__Record excerpts__.
════════════════

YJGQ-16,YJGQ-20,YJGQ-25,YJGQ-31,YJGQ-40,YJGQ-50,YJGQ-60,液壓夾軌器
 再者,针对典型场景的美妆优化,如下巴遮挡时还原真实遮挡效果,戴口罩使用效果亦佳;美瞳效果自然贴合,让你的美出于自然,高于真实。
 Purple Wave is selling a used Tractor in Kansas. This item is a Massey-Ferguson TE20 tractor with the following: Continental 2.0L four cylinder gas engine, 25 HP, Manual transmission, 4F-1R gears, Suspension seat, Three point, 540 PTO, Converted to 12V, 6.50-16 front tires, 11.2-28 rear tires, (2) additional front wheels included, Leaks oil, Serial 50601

════════════════

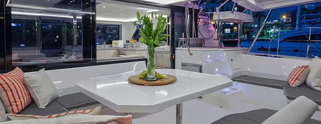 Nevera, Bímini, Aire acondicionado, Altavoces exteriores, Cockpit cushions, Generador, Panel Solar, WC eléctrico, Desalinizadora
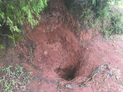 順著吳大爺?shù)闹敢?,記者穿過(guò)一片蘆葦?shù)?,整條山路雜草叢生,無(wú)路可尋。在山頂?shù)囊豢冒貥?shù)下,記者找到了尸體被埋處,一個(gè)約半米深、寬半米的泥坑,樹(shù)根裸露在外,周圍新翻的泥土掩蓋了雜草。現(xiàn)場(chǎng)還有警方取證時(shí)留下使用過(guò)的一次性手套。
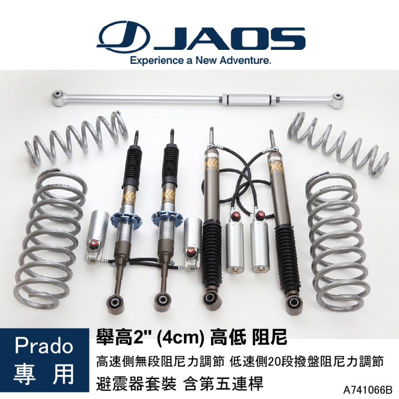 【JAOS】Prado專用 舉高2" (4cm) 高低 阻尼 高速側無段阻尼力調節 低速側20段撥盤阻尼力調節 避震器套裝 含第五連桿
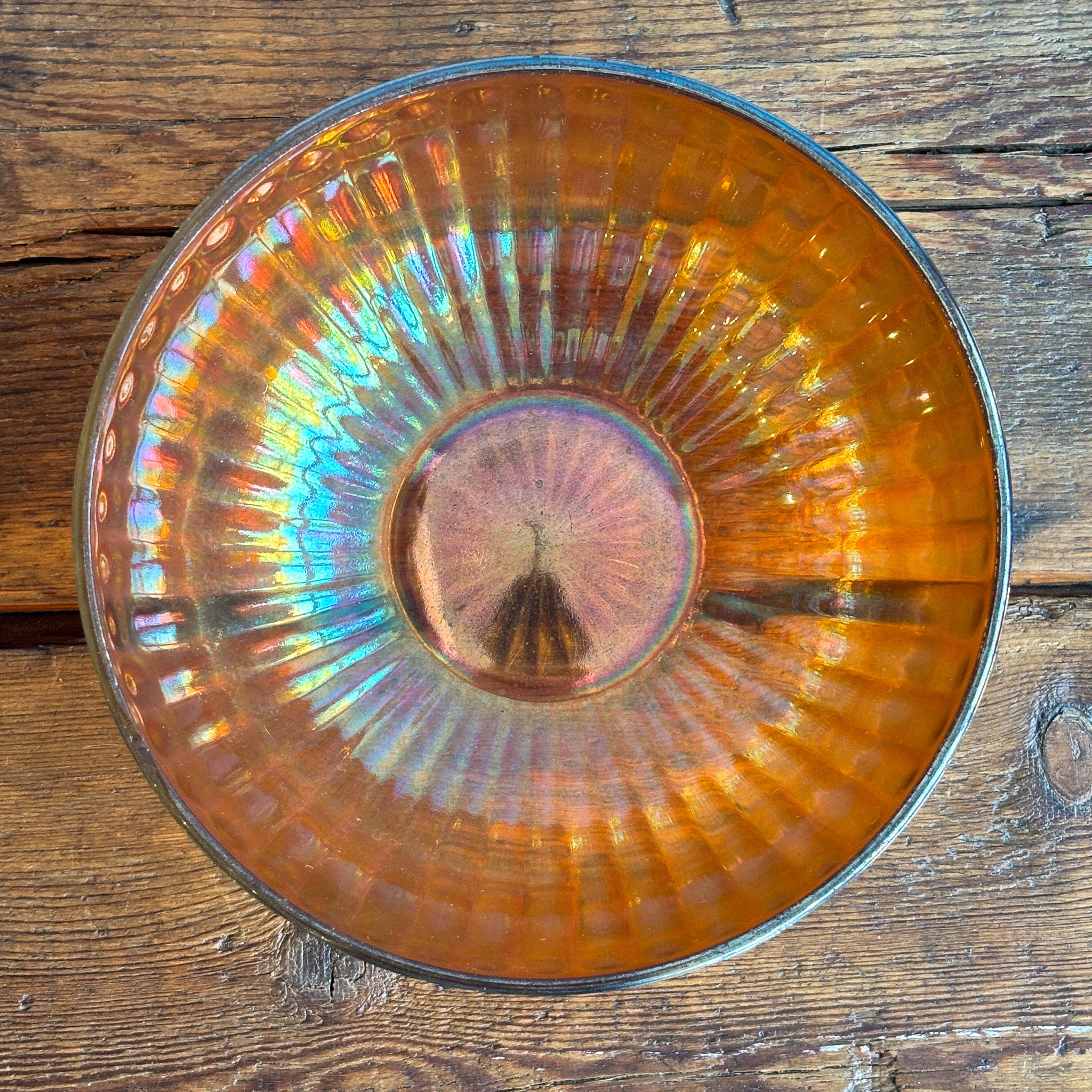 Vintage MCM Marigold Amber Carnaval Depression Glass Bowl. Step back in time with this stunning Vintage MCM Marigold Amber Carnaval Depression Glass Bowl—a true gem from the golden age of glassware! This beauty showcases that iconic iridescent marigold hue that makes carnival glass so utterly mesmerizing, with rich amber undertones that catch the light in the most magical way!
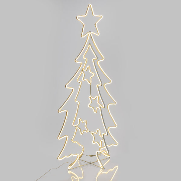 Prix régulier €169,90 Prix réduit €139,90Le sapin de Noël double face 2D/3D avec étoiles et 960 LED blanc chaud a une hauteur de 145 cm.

════════════════

__What to work on__.
Only the lines starting at the one that includes "順著吳大爺?shù)闹敢?,記者穿過(g" and ending at the one that includes "Prix régulier €169,90" should be retyped, exactly, from the records above; no pictures.

__Response area__.
 順著吳大爺?shù)闹敢?,記者穿過(guò)一片蘆葦?shù)?,整條山路雜草叢生,無(wú)路可尋。在山頂?shù)囊豢冒貥?shù)下,記者找到了尸體被埋處,一個(gè)約半米深、寬半米的泥坑,樹(shù)根裸露在外,周圍新翻的泥土掩蓋了雜草。現(xiàn)場(chǎng)還有警方取證時(shí)留下使用過(guò)的一次性手套。
 【JAOS】Prado專用 舉高2" (4cm) 高低 阻尼 高速側無段阻尼力調節 低速側20段撥盤阻尼力調節 避震器套裝 含第五連桿
 Vintage MCM Marigold Amber Carnaval Depression Glass Bowl. Step back in time with this stunning Vintage MCM Marigold Amber Carnaval Depression Glass Bowl—a true gem from the golden age of glassware! This beauty showcases that iconic iridescent marigold hue that makes carnival glass so utterly mesmerizing, with rich amber undertones that catch the light in the most magical way!
 Prix régulier €169,90 Prix réduit €139,90Le sapin de Noël double face 2D/3D avec étoiles et 960 LED blanc chaud a une hauteur de 145 cm.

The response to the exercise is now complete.